Previously I've explained how in vNext it's possible to create custom "loaders" that enables one to do different languages (among other things) in vNext. Today I'm going to talk about what went into the creation of FSharpSupport, how to use it, and some of the speed bumps along the way.

But first of all, I need to talk a bit about how vNext have changed, and you no longer create loaders, but project reference providers.

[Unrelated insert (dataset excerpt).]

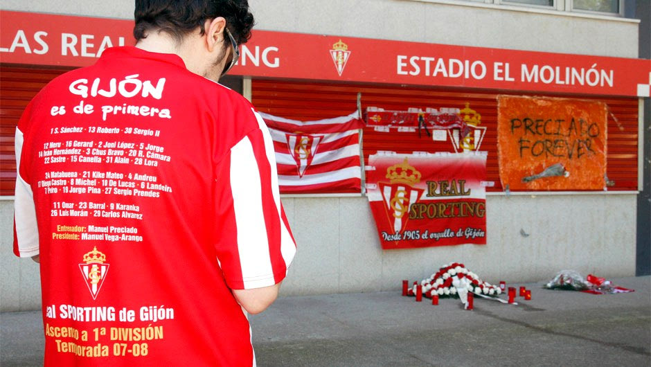 Φίλαθλος της Σπόρτινγκ έξω από το «El Molinon», με την αναμνηστική φανέλα της ανόδου στην Πριμέρα Ντιβισιόν την περίοδο 2007-08.

That's a bit hard to swallow, but hopefully it'll make sense in a little while.

The problems with project loaders

Project loaders, as they where, had one major flaw. They only worked during runtime. There where no (simple or built in) way to take a project loader, and have it generate a MPL for you. This meant that you only had source-distribution. This was a well known problem though, and something everyone knew had to be resolved at one point, yet how was not yet clear by then. Over the last few weeks Fowler have had more than a few epiphanies about how to best do this, and there's been a lot of refactoring done with regards to how projects are compiled both at runtime and compile time. This has lead to more than just a few explosions along the way. Also, due to the volatile nature of vNext, this might very well have changed again by the time you read this blog post. Heck, it might even change by the time I'm done writing this blog post.

Project references

Today in vNext, this works like the following:
1. A project consists of sources, configuration, dependencies and exports.
2. All dependencies given to a compilation are just metadata references.

References can be either one of the following:
1. IMetadataFileReference: Reference to a single .dll. This is mainly used to reference assemblies found in nupkegs
2. IMetadataEmbeddedReference: References an embedded .dll. This is mainly used for Assembly Neutral Interfaces.
3. IMetadataProjectReference: References a project. This is the important interface we will have to provide to get new language support.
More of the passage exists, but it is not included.